** Dataset entries follows **
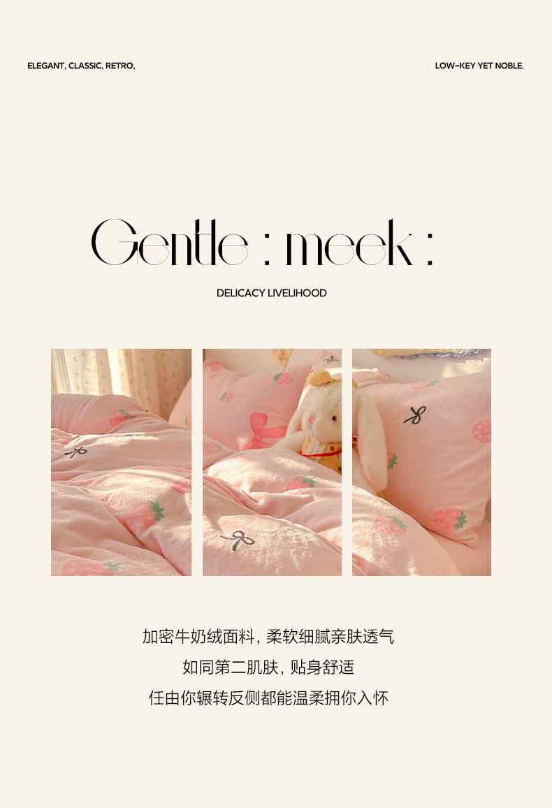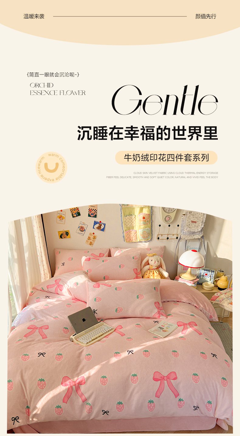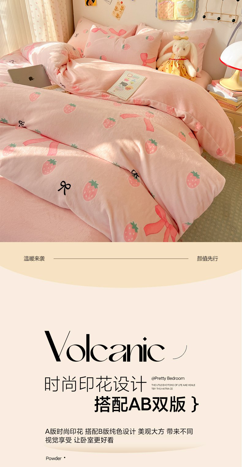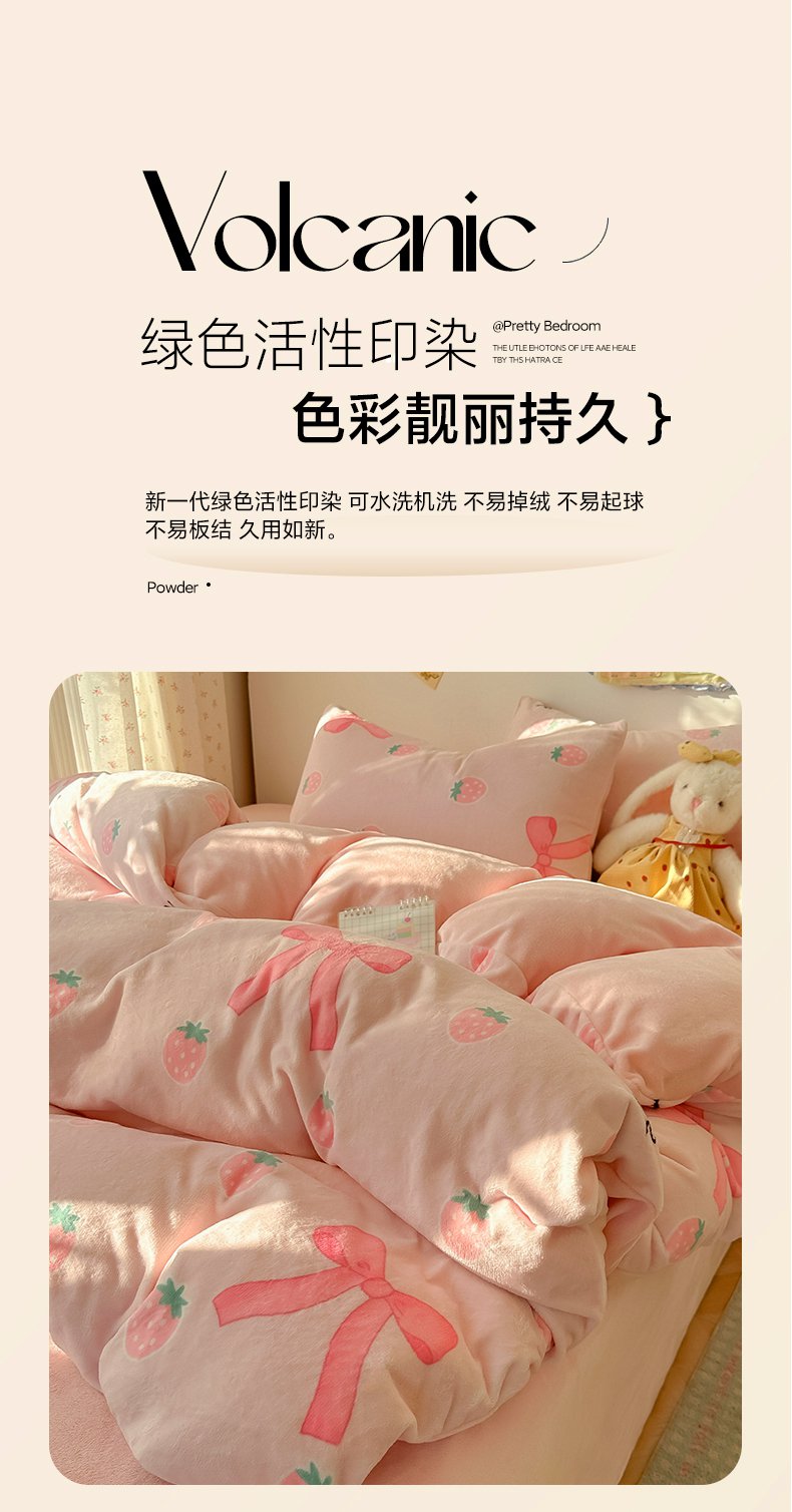 商品名称:韩巢家纺 2025新款双面高克重牛奶绒被套单件被罩 草莓牛奶
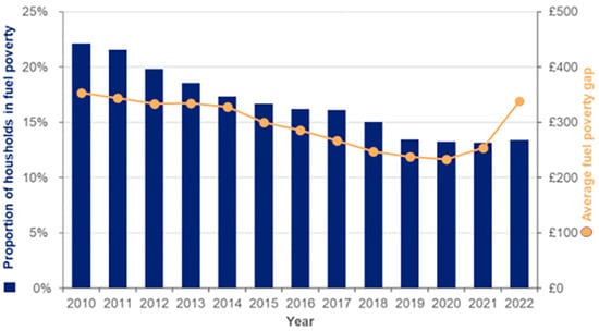 - Department of Business, Energy and Industrial Strategy. Fuel Poverty Statistics. 2021. Available online: https://www.gov.uk/government/collections/fuel-poverty-statistics (accessed on 15 August 2023).
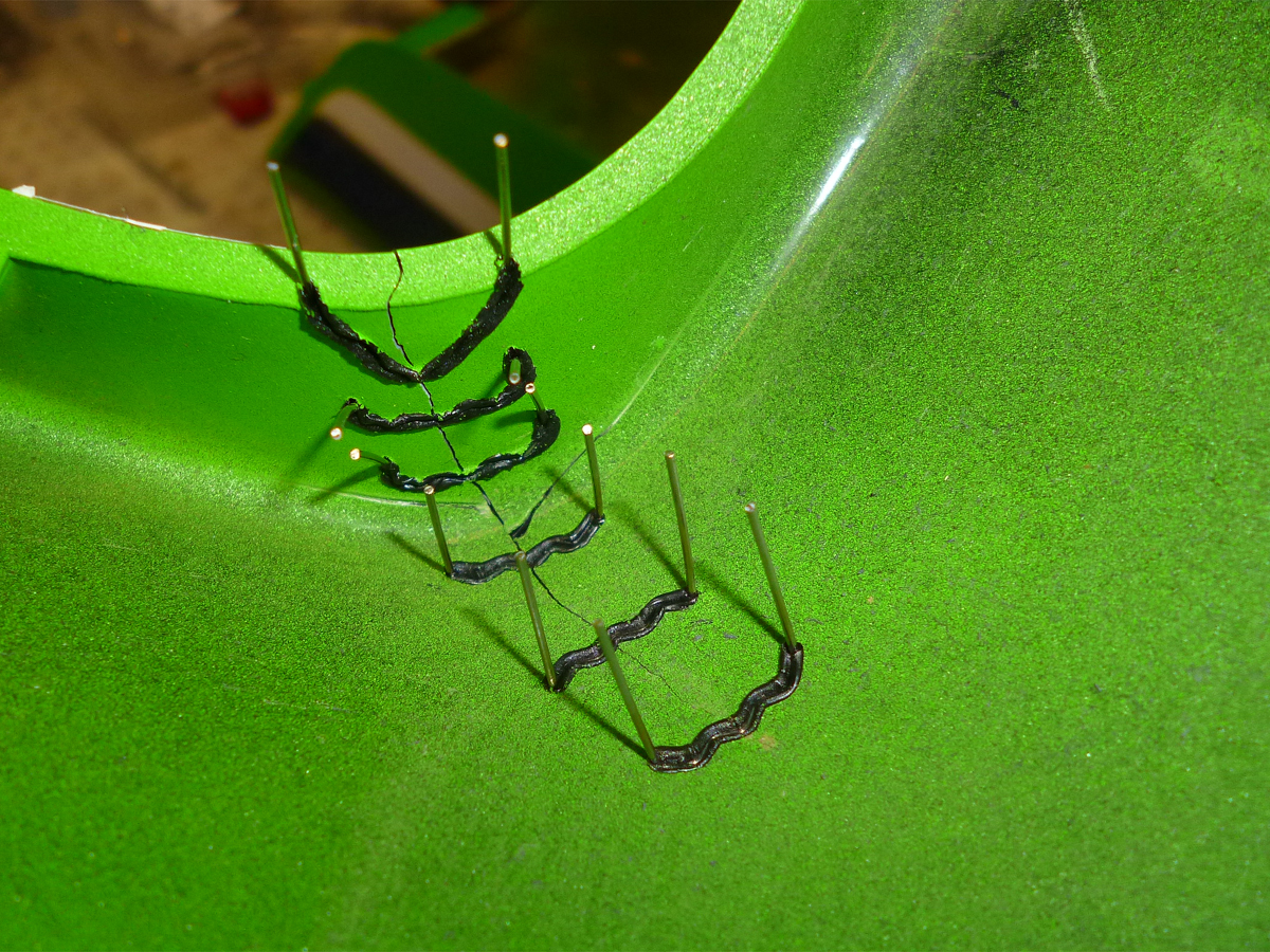 割れたカウルの補修。
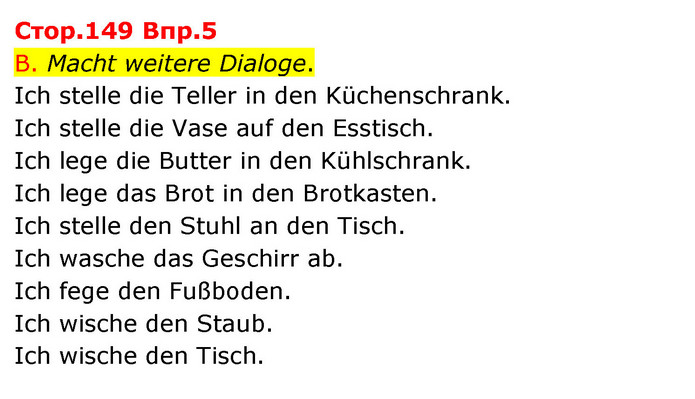 B. Macht weitere Dialoge. Ich stelle die Teller in den Küchenschrank. Ich stelle die Vase auf den Esstisch. Ich lege die Butter in den Kühlschrank. Ich lege das Brot in den Brotkasten. Ich stelle den Stuhl an den Tisch. Ich wasche das Geschirr ab. Ich fege den Fußboden. Ich wische den Staub. Ich wische den Tisch.
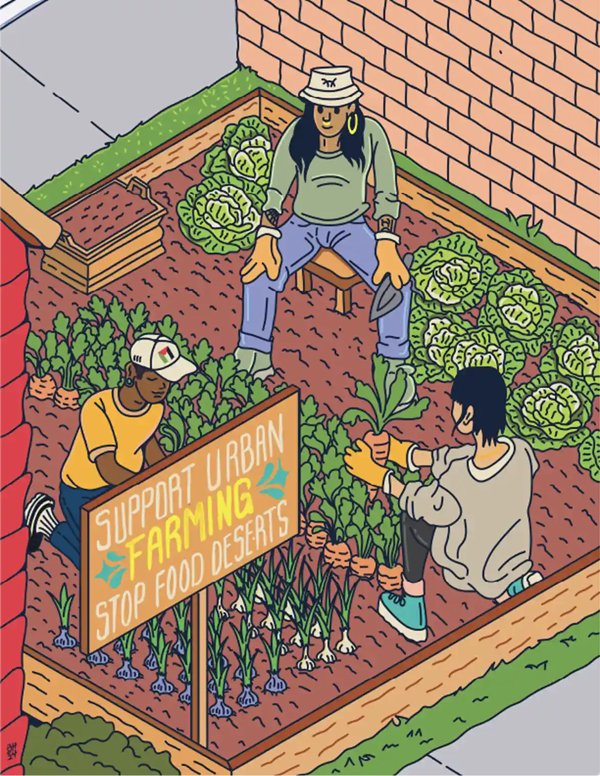 A future with anti-racist community development could center on accessibility in urban design, where walkable neighborhoods and abundant green spaces foster connection and health. Communities would thrive through easy access to essential resources, reducing systemic inequalities. Community-based gardens and urban farming initiatives would ensure that no area becomes a food desert, empowering residents to grow their own crops. This vision prioritizes equity, well-being, and sustainability, creating cities where everyone can flourish, regardless of race or background. Living in Chicago, I notice that a lot of people in low-income neighborhoods lack these spaces, I wanted to create something that resonates with residents in my city and beyond.
** End of Dataset entries **
Each line from the one holding "B. Macht weitere" through the end of the listing is to be output exactly, both ends included, with no other lines and the pictures left out.

- _Solution for this task_
 B. Macht weitere Dialoge. Ich stelle die Teller in den Küchenschrank. Ich stelle die Vase auf den Esstisch. Ich lege die Butter in den Kühlschrank. Ich lege das Brot in den Brotkasten. Ich stelle den Stuhl an den Tisch. Ich wasche das Geschirr ab. Ich fege den Fußboden. Ich wische den Staub. Ich wische den Tisch.
 A future with anti-racist community development could center on accessibility in urban design, where walkable neighborhoods and abundant green spaces foster connection and health. Communities would thrive through easy access to essential resources, reducing systemic inequalities. Community-based gardens and urban farming initiatives would ensure that no area becomes a food desert, empowering residents to grow their own crops. This vision prioritizes equity, well-being, and sustainability, creating cities where everyone can flourish, regardless of race or background. Living in Chicago, I notice that a lot of people in low-income neighborhoods lack these spaces, I wanted to create something that resonates with residents in my city and beyond.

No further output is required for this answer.